#### The task:
Nothing but the lines from the first line of the records through the line with "Расчетная бона ВУЦИК 1923 г. Бланк." should be output, exactly as written and free of pictures.

#### Stored dataset items:
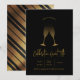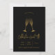 Elegant black and gold celebration invitation card featuring two sparkling champagne glasses clinking together. The design combines a sleek black background with shimmering gold text and accents, creating a luxurious and festive atmosphere perfect for upscale events, parties, or special occasions.
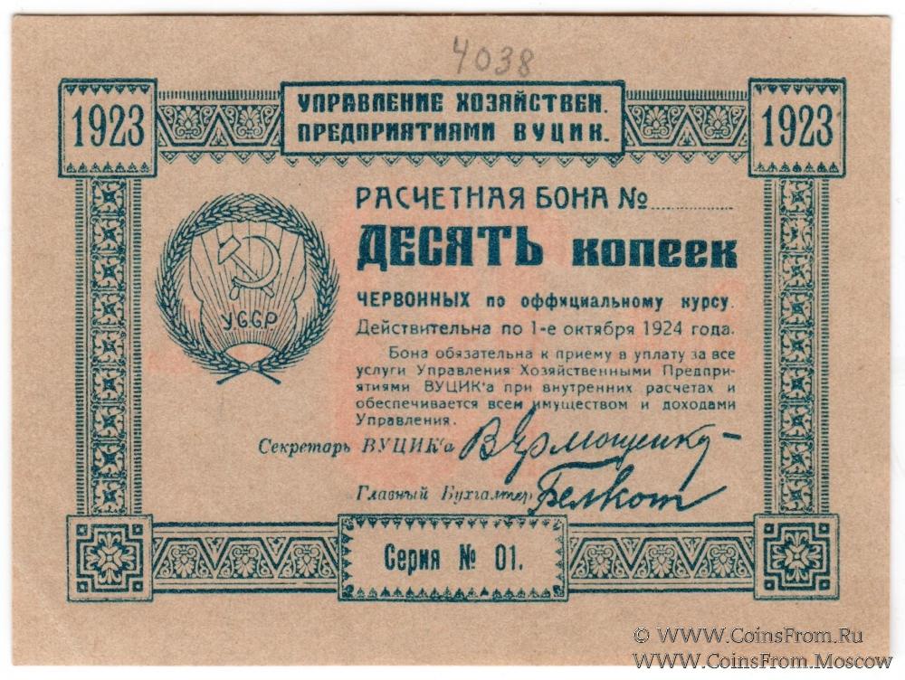 Расчетная бона ВУЦИК 1923 г. Бланк.
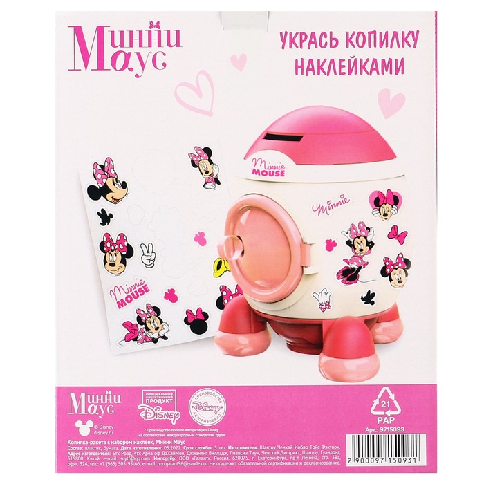 Копилка ракета с набором наклеек, 22.5 см × 18.5 см × 17.5 см «Мышка», Минни Маус — Характеристики
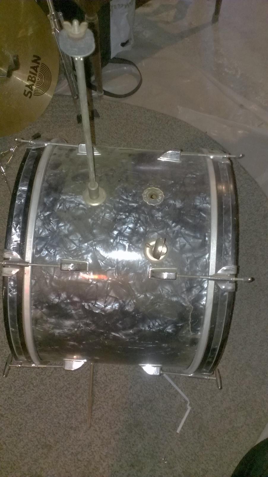 For sale: 60's Kent Bass, $50.00. Original heads, muffler and cymbal mount. Missing part of the tom holder. Wrap is peeling a bit (see pic) Too many other projects. Willing to meet near Phila.
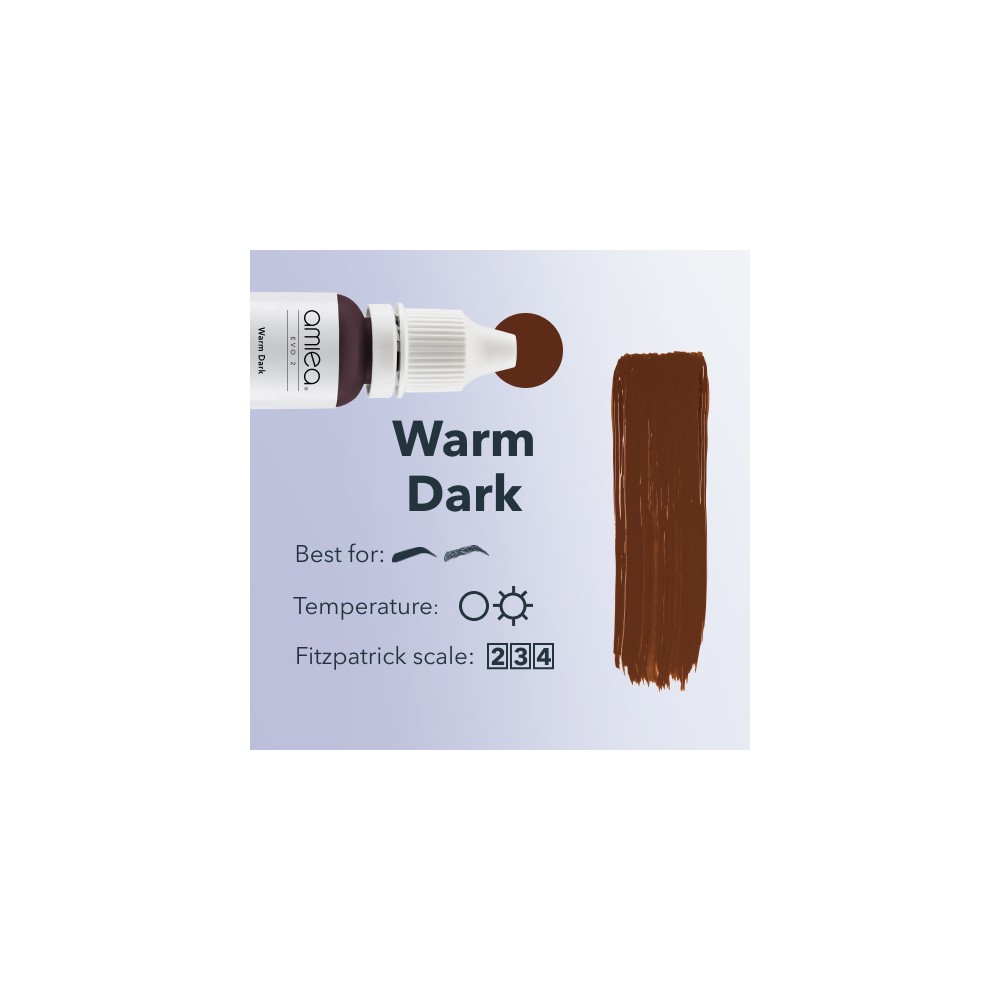 Warm Dark to ciemny odcień ciepłego, czekoladowego brązu. Doskonały dla ciemnych szatynek i brunetek. Sprawdzi się w przypadku tłustej skóry o tonacji chłodniej i ziemistej. Wówczas przybierze odcień bardziej neutralny. Po wygojeniu pozostaje intensywnym głębokim brązem.
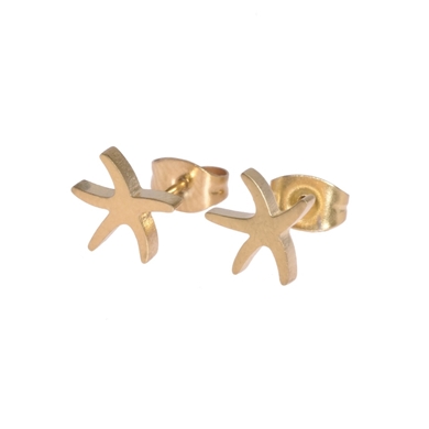 Stud earrings made in Surgical steel with a gold-colored PVD coating. Surgical steel is a material with many advantages over other metals. Surgical steel does not give off, does not discolour, is more durable and very important; anti-allergies so that irritations to the ears hardly occur anymore! Due to the hardness of the steel, the jewelry never or hardly deforms. Moreover, all our products from the range are very comfortable and safe to wear and of course nickel free! The diameter of the starfish is 8 mm.
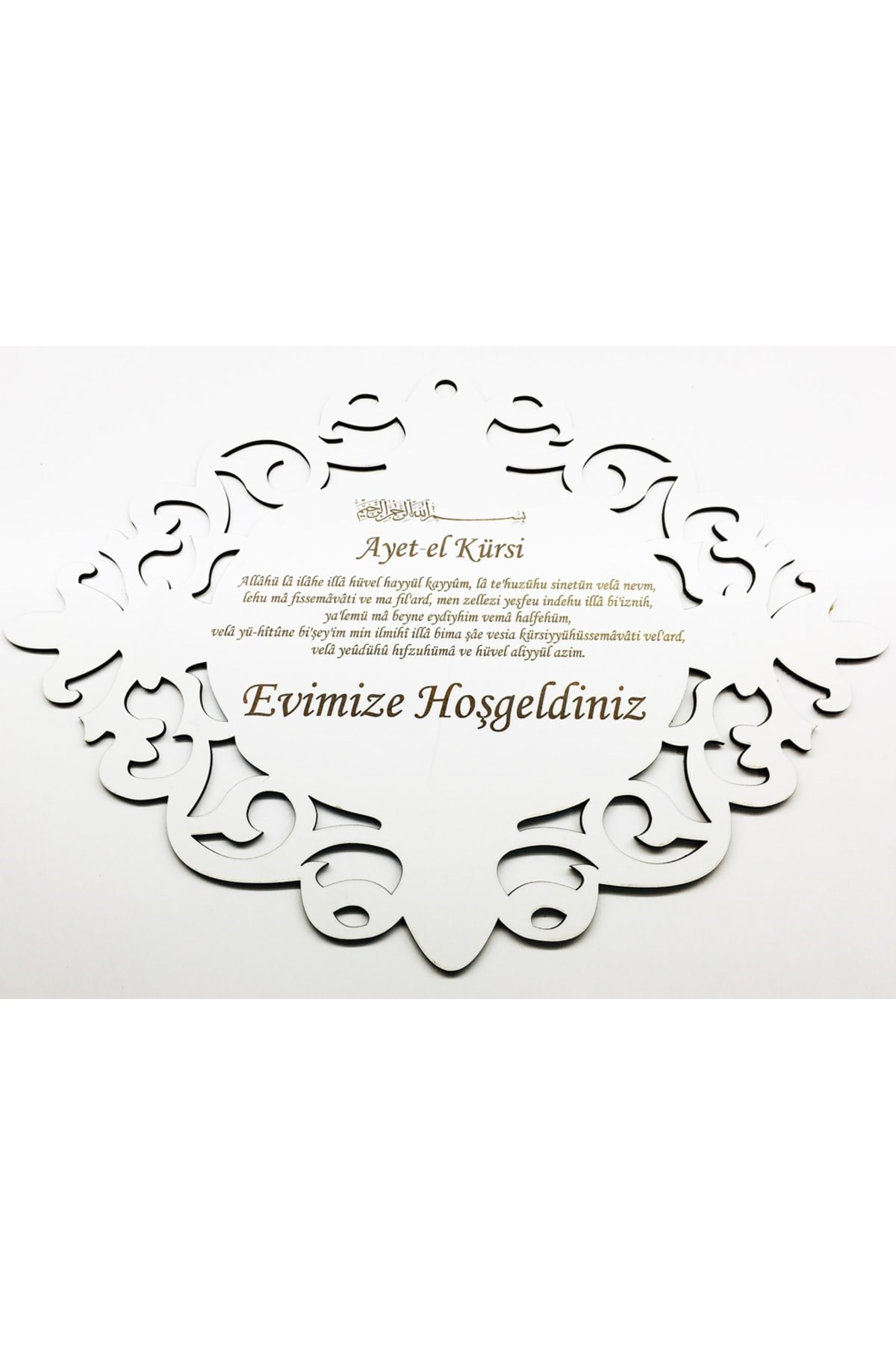 Ayetel Kürsi Dualı Beyaz Ahşap (mdf) Kapı Süsü Ayetli Kapı Süsü
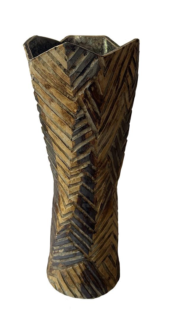 V is for Vivacity. Not for Vendetta. V is for vividness, vitality, verity, victory. This vase has many V’s which, I hope, embody these attributes together with many other vigorous ones. I slab built this vase and etched the V lines and bisque fired. After the application of a glaze inside and oxide outside it was fired to about 2400 degrees.
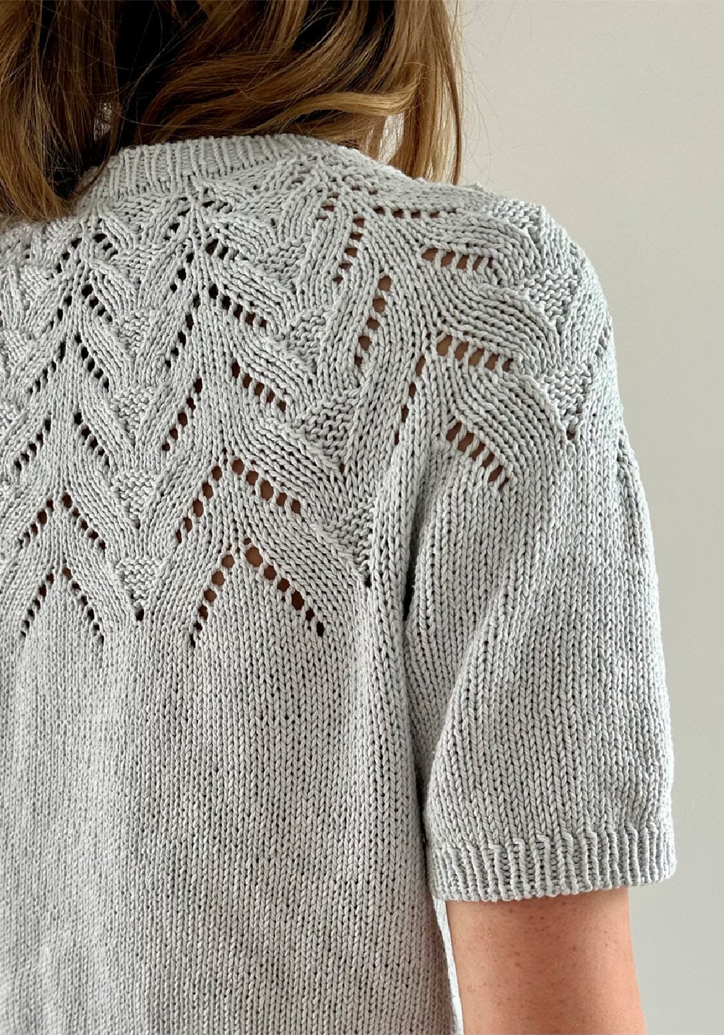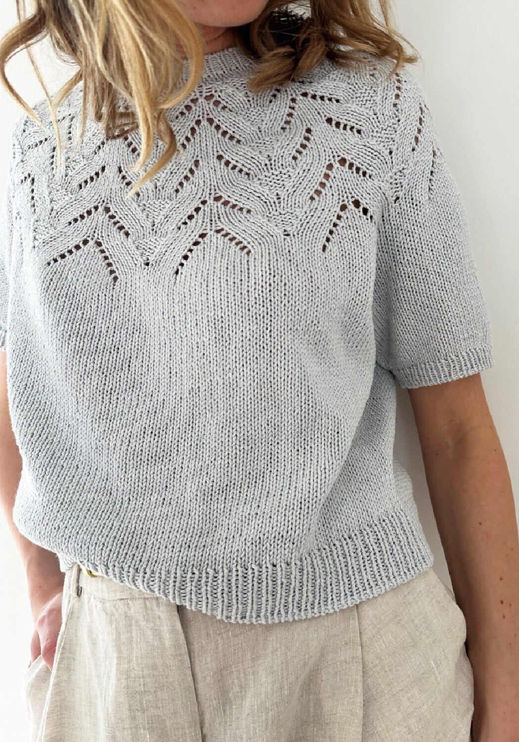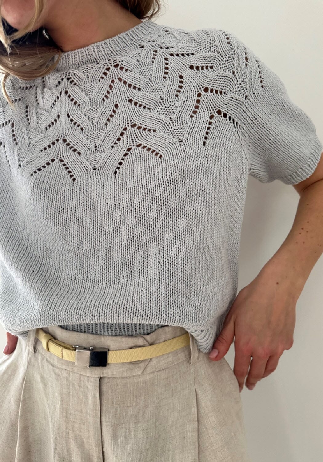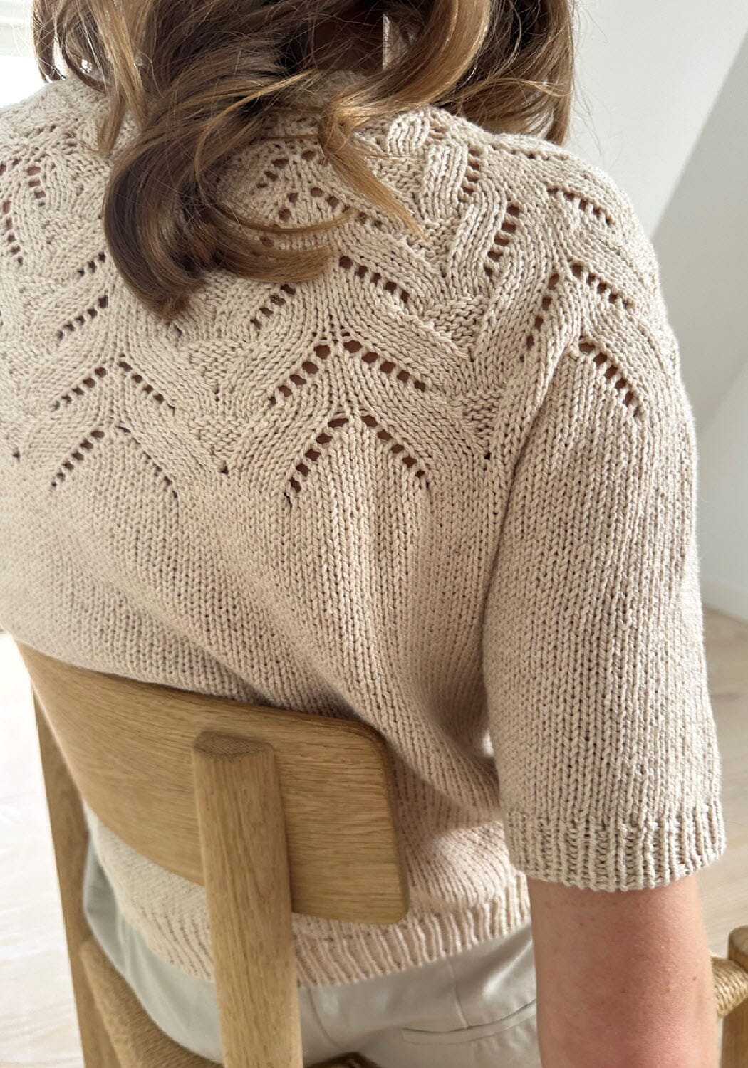 Tulipan Tee strikkes ovenfra og ned og halsutringningen formes ved hjelp av vendepinner som strikkes etter halskanten. Bærestykkets mønster består av enkle kombinasjoner av hullmønster og vrangmasker, som til sammen gir en grafisk struktur. Mønsteret og fasongen på bærestykket dannes automatisk når du følger diagrammet.

#### Your response:
 Elegant black and gold celebration invitation card featuring two sparkling champagne glasses clinking together. The design combines a sleek black background with shimmering gold text and accents, creating a luxurious and festive atmosphere perfect for upscale events, parties, or special occasions.
 Расчетная бона ВУЦИК 1923 г. Бланк.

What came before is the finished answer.